Object Interaction or Configuration. On the other hand, seemingly benign objects can cause harm through avatar actions, such as throwing an object. These elements can also cause harm through their configuration. For example, researchers have found recreations of Nazi concentration camps on Roblox and Minecraft and Anti-Defamation League researcher Daniel Kelley has found multiple recreations of mass shootings on Roblox. One can also imagine combining multiple seemingly benign articles of clothing, which, when combined, allow one to communicate hate speech. Although Meta can, and should, moderate inherently harmful objects proactively, moderating object interactions or configurations pose similar challenges to moderating avatar actions.

Augmented Reality

Thus far, our discussions of harm have focused on well-studied moderation issues in VR and similar online worlds. However, Meta’s announcement video shows a metaverse which blends elements from VR with elements from the “real world” via AR, introducing even more avenues for harm. The metaverse announcement video alone demonstrates multiple ways in which combining AR and VR will be difficult to moderate.

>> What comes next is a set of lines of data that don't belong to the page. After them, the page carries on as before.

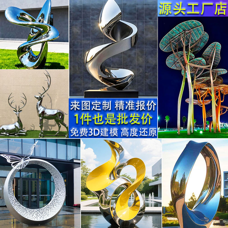 맞춤형 대형 스테인리스 조경 조각품, 추상적인 거울 반사 원형 물결 사슴 수경 장식, 야외 현관 금속 장식품스토어 가기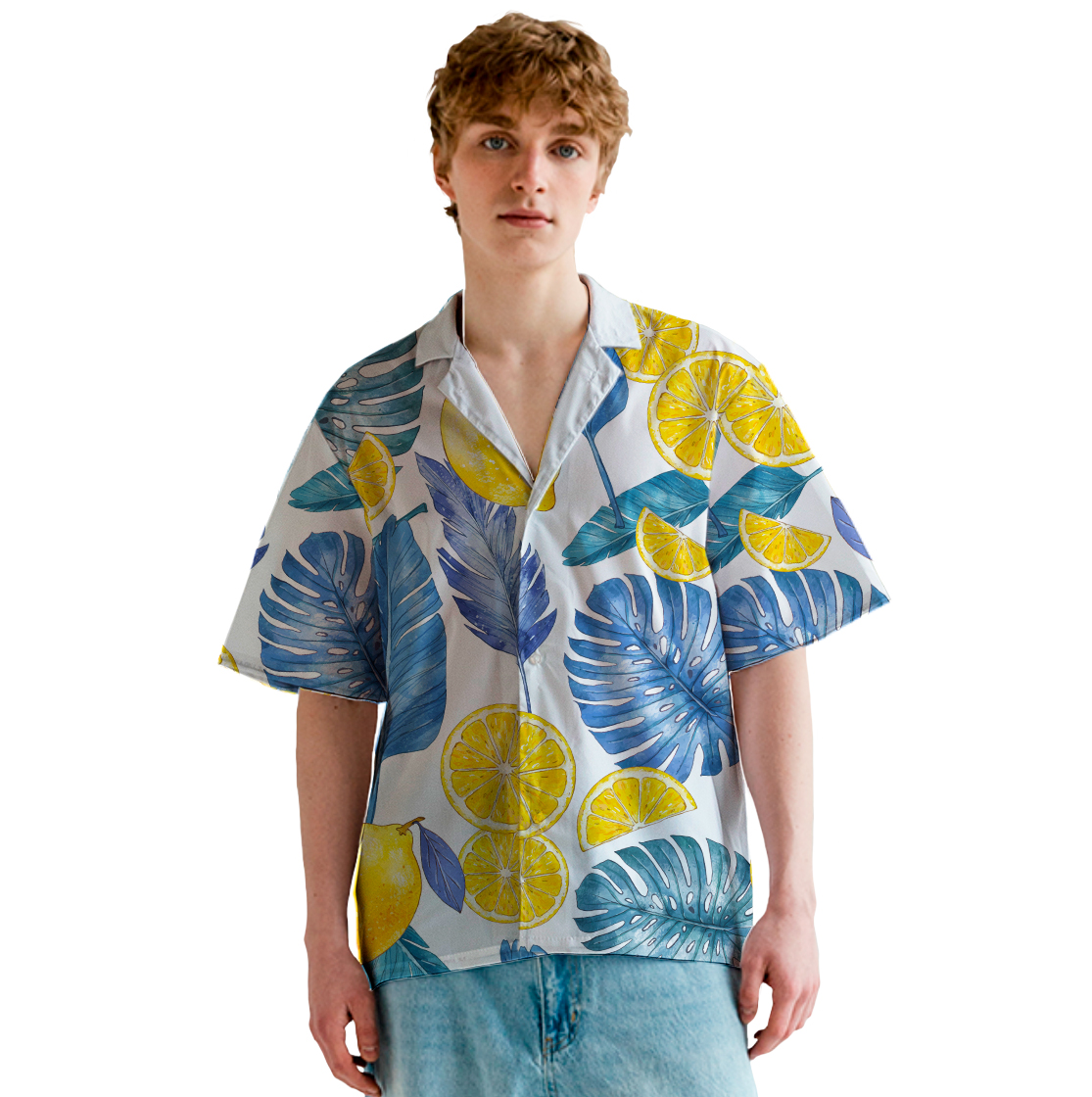 Мужская гавайская рубашка Монстера и лимоны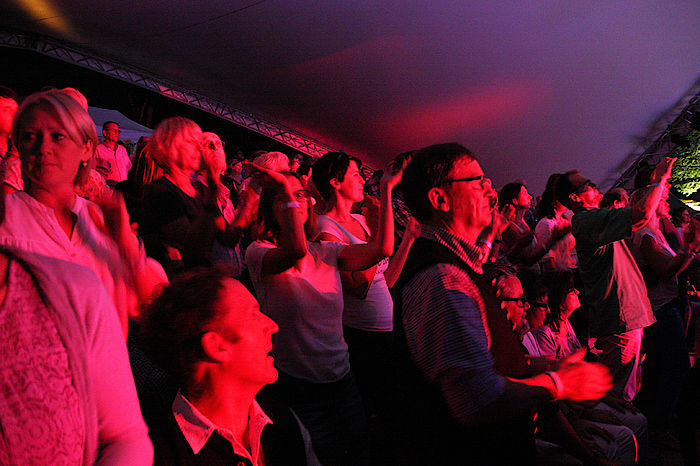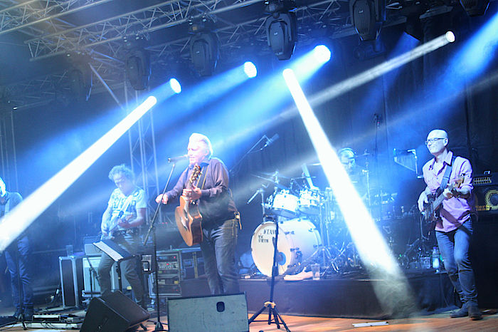 Wolfratshausen, 9.7.2017 – Die Pforte zum Flussfestival-Gelände war noch nicht geöffnet, da standen die Fans schon in einer langen Schlange an, um sich frühzeitig die besten Plätze zu sichern. Mit dem Gastauftritt des Austropop-Stars Rainhard Fendrich startete das diesjährige Flussfestival in Wolfratshausen. Zweifellos wird man am Ende nach zwei Festivalwochen resümieren, dass dieser Abend eines der größten Highlights war. Für die Fendrich-Fans auf jeden Fall, denn die verlangten ihrem Idol am Ende mehrere Zugaben ab, tanzten und sangen begeistert mit.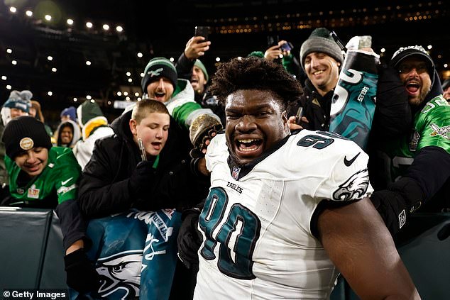 Jordan Davis celebra con los fanáticos de los Philadelphia Eagles después de vencer a los Packers en noviembre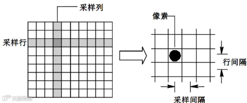 采样把一幅连续图像在空间上分割成 M×N 个网格,每个网格用一亮度值来表示。一个网格称为一个像素。M×N 的取值满足采样定理。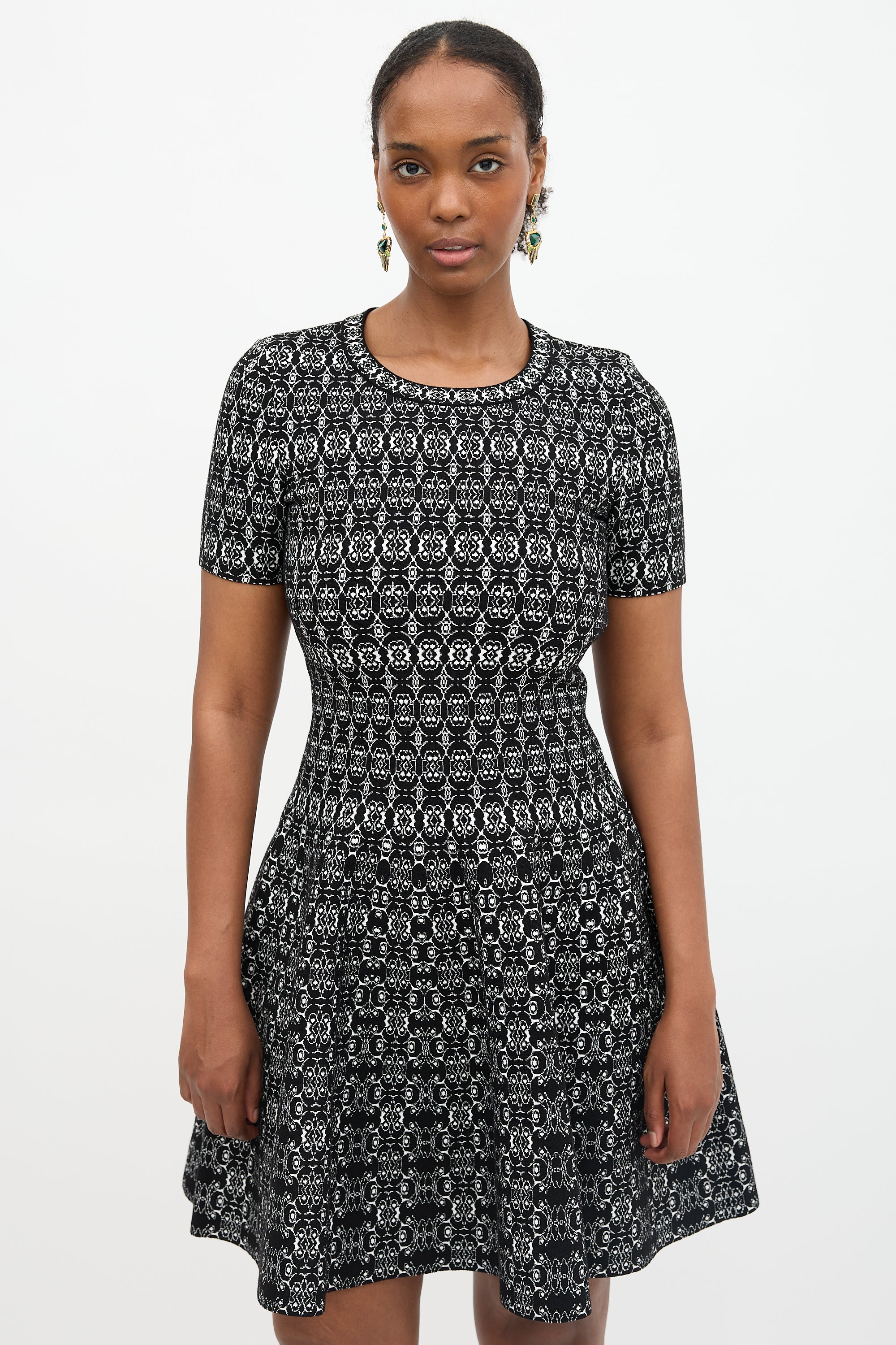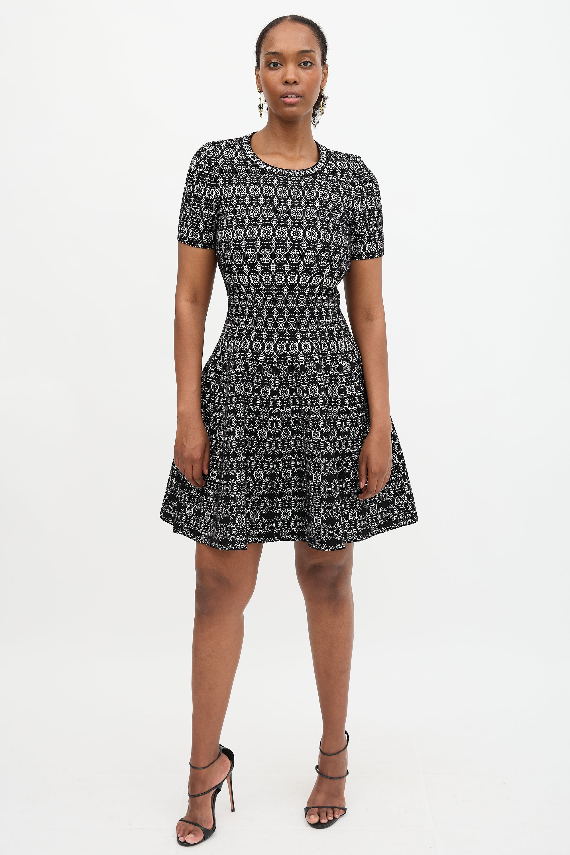 Pre-owned Alaïa black and white knit jersey midi dress featuring round neckline, flared skirt, jacquard pattern, and concealed side zip.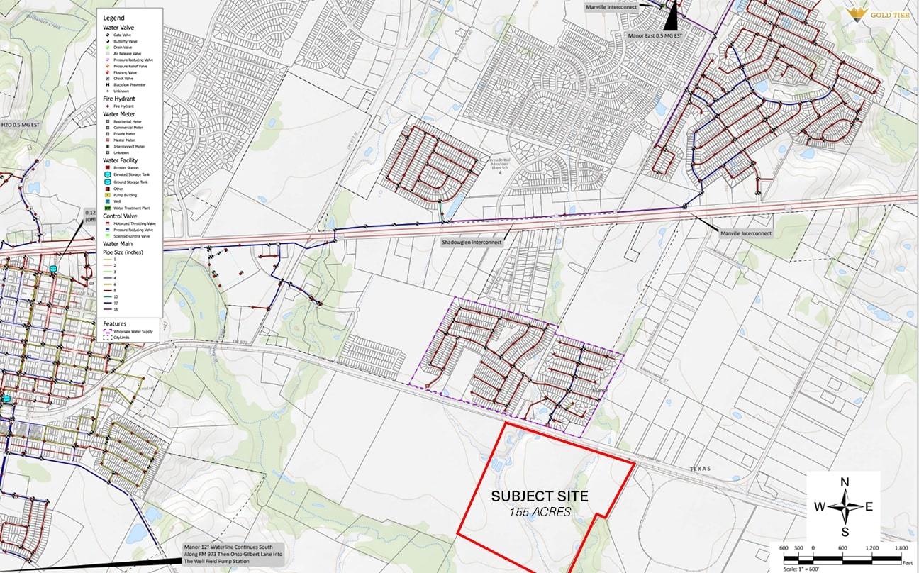 An unbelievable opportunity to acquire 155 acres in the heart of Manor. This prime property boasts an exceptional advantage with 2,700 feet of railroad frontage, a prospect that has received preliminary approval from WATCO for rail access. Furthermore, the adjacent frontage road, Old Highway 20, is poised for expansion, as it is prominently featured on the City of Manor's Thoroughfare Map for a future upgrade to 4 or 5 lanes. Currently situated within Austin's ETJ (Extraterritorial Jurisdiction), this property also stands to benefit from Senate Bill 2038, which could potentially facilitate its inclusion within the City of Manor. In terms of infrastructure, an 8-inch water line and a 12-inch sewer line are conveniently located across the street on Old Highway 20, while electric service is readily near the site. Don't miss this remarkable opportunity to secure a valuable piece of land in a rapidly developing area. **Any purchase must do their independent research regarding the development potential of this site.** Property Highlights Adjacent to New Developments, Including Major Manufacturers Austin ETJ - Potential Swap to City of Manor 8” Water Line & 12” Sewer Line Approx. 2,700 Feet of Railroad Frontage Old Highway 20 Road Expansion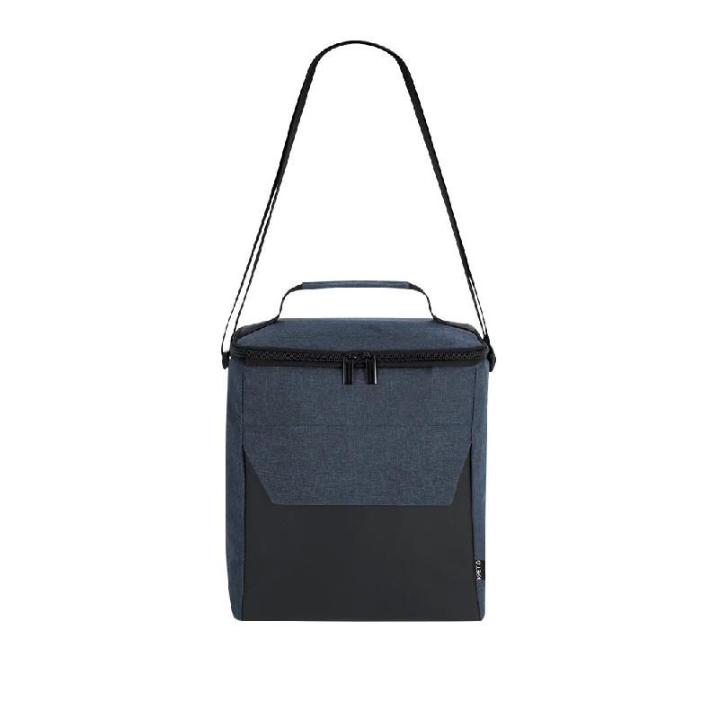 Sac isotherme en polyester RPET 600D, doublé en PEVA, avec : - 2 compartiments zippés - Bandoulière réglable - Labélisé RPET.Couleur :Bleu foncéPoids :280 gr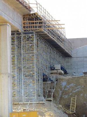 A nyitrai (Szlovákia) R1 autópálya 358,77 méter hosszú mederhídja az A-Híd Építő Zrt. kivitelezésében készült. Az építéshez Doka szabadonbetonozó zsaluzókocsit, Top50 fatartós falzsaluzatot, Staxo 100 alátámasztó állványt alkalmaztak. A háromcellás felszerkezetű híd nyílástávolságai: 52,77-3x85-51 méter, maximális magassága: 6 méter, a pályalemez szélessége: 26 méter, a szabadon betonozott zömök hossza: 5 méter.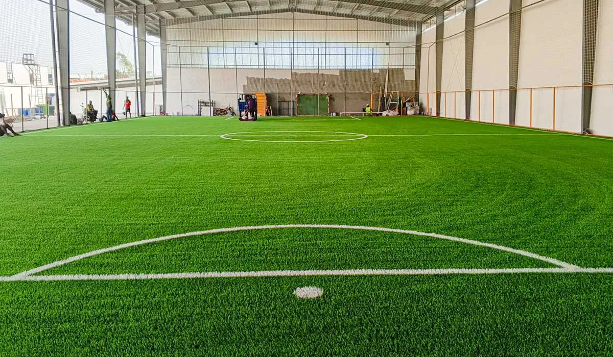 Kapalı modüler futbol sahası, yüksek performanslı suni çim zemin ile donatılmıştır. Uzun ömürlü yapısı, düşük bakım ihtiyacı ve oyuncu güvenliğini destekleyen özellikleri sayesinde suni çim, yoğun kullanıma uygun ve sürdürülebilir bir çözüm sunar. Modüler taşıyıcı sistem, hızlı kurulum ve uzun vadeli kullanım avantajı sağlamaktadır.

Live Video Streaming. In the annoucment video, Mark Zuckerberg introduces AR in the metaverse by video calling people into a VR poker game. Although this interaction resembles a typical video call, it's unclear how large of an audience with which one will be able to video call. If one can broadcast publicly then, much like how people have used Facebook to livestream mass murder, this feature could allow one to broadcast harmful offline events into the metaverse. According to leaked internal documents, at the time of the Christchurch Massacre, Facebook could only detect violent violations of its terms of service “after 5 minutes of broadcast” but can now do so after about 12 seconds. While this response time is certainly an improvement, it also demonstrates the challenges of moderating live video streams, which Meta will continue to grapple with in the metaverse.

Objects. The metaverse announcement video also shows the person Mark video-calls sending AR art into VR and, according to Zuckerberg in the video, “you will be able to take your [items from VR] and project them into the physical world as holograms in augmented reality.” Like our discussion of objects in VR earlier, Meta may be able to moderate inherently harmful objects. However, AR adds an additional layer of complexity to the harm which could come from the configuration of virtual objects by combing them with the physical world. For instance, the same people recreating concentration camps or mass shootings in virtual worlds today may, through augmented reality, also try to desecrate physical sites where these events took place. While geofencing may handle this extreme case, one could still place AR hate speech in physical locations to harm communities, such as virtually drawing a swastika on a synagogue or arranging benign virtual objects like a cross and a fire emoji to create an AR cross burning in someone’s yard. This type of physically situated harm is also particularly challenging to proactively moderate using AI because understanding it requires vast domain knowledge of hyperlocal contexts.

All Hope Lost?

Although the metaverse is going to be a particularly challenging moderation landscape, hope (probably?) isn’t lost. There are a number ways social media companies could try to mitigate harms in the metaverse.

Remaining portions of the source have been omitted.